> DIRECTIONS
The line with "제이앤엠뉴스 | 서울시" marks where to begin; print it and all lines after it in the material below exactly, skipping pictures.

> GIVEN MATERIAL
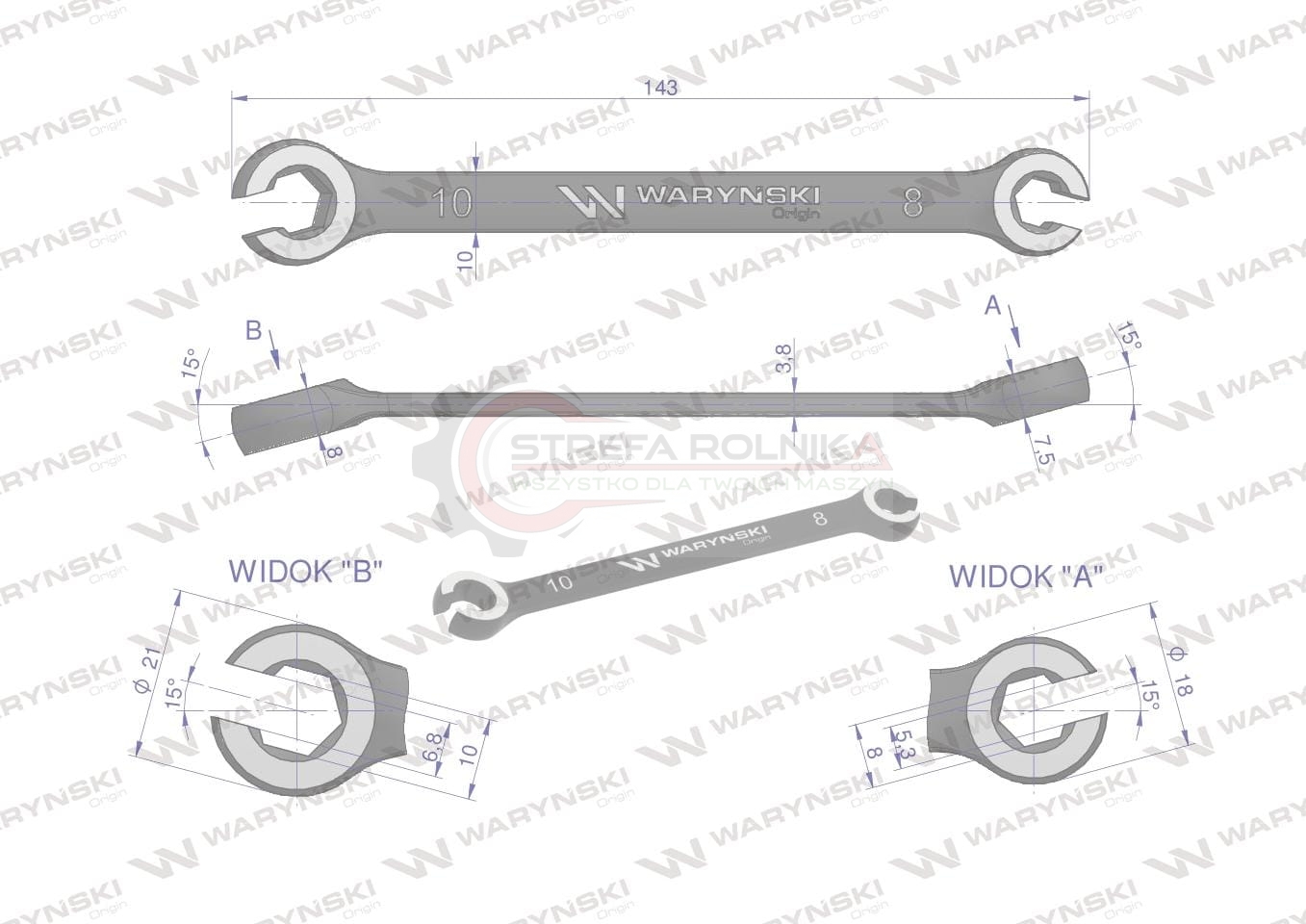 Klucz płasko-oczkowy otwarty 8 X 10 mm Waryński
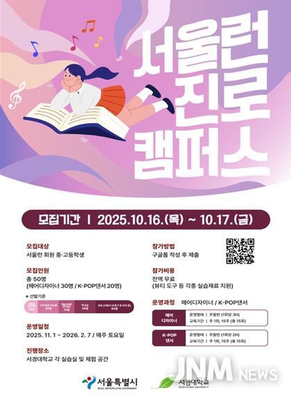 제이앤엠뉴스 | 서울시 대표 교육사다리 ‘서울런’이 청소년의 진로지원과 취업역량 강화까지 책임지는 종합 플랫폼 ‘서울런3.0’으로 도약하는 첫걸음으로 서경대학교와 협력해 예체능 진로 지원을 본격화한다. K-뷰티(헤어·메이크업·네일), K-POP 댄스, 한국어 교육 등 5개 과정을 시범 운영하며, 중·고등학생 서울런 회원 130명을 선발해 11월부터 진행한다.
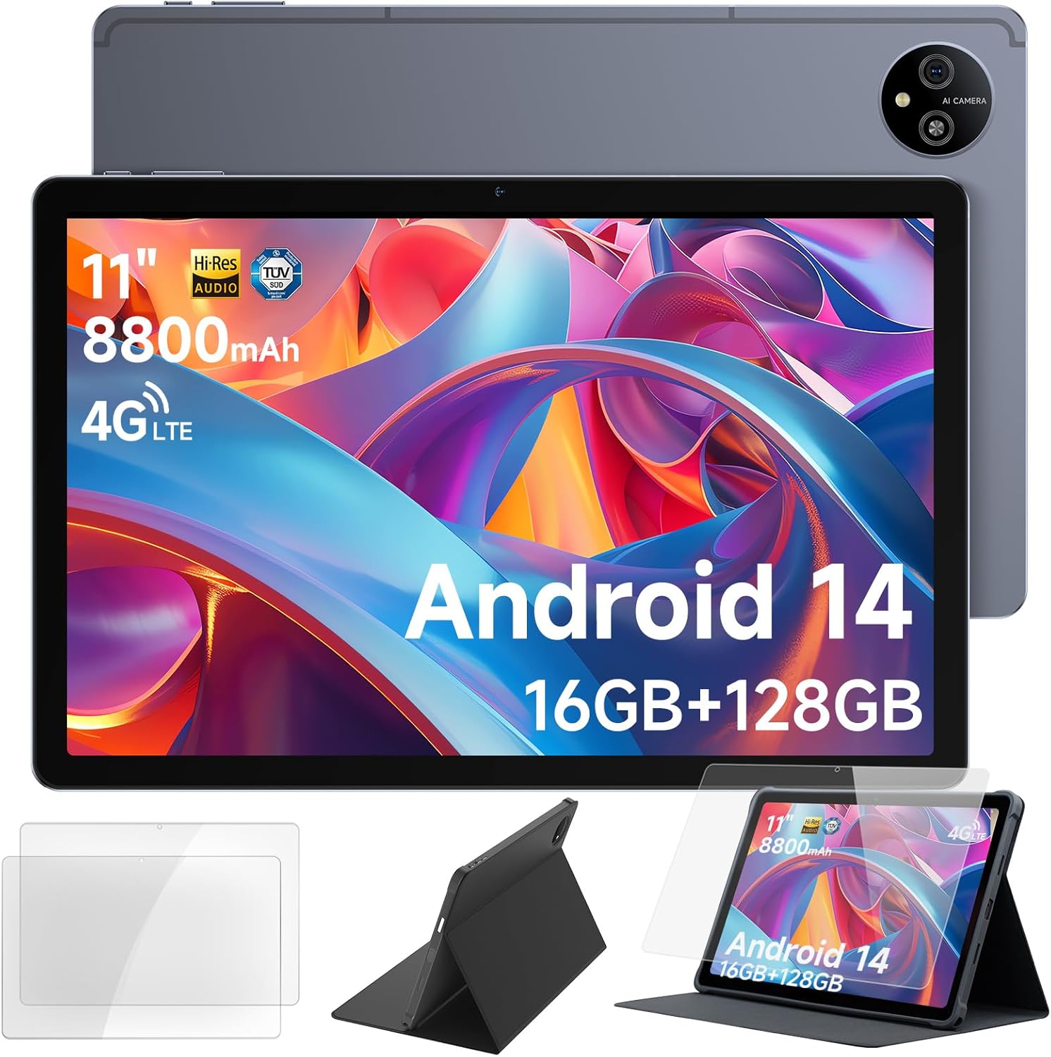 Ulefone Tab A11 Pro Android 14 Tablet, 16GB RAM + 128GB ROM Tablets, 11″ Large Screen 8800mAh, 16MP + 8MP Widevine L1 Quad Stereo Speaker Gaming Tablet, Comes with Tempered Glass and Smart Book Cover

> RESULT OF THE TASK
 제이앤엠뉴스 | 서울시 대표 교육사다리 ‘서울런’이 청소년의 진로지원과 취업역량 강화까지 책임지는 종합 플랫폼 ‘서울런3.0’으로 도약하는 첫걸음으로 서경대학교와 협력해 예체능 진로 지원을 본격화한다. K-뷰티(헤어·메이크업·네일), K-POP 댄스, 한국어 교육 등 5개 과정을 시범 운영하며, 중·고등학생 서울런 회원 130명을 선발해 11월부터 진행한다.
 Ulefone Tab A11 Pro Android 14 Tablet, 16GB RAM + 128GB ROM Tablets, 11″ Large Screen 8800mAh, 16MP + 8MP Widevine L1 Quad Stereo Speaker Gaming Tablet, Comes with Tempered Glass and Smart Book Cover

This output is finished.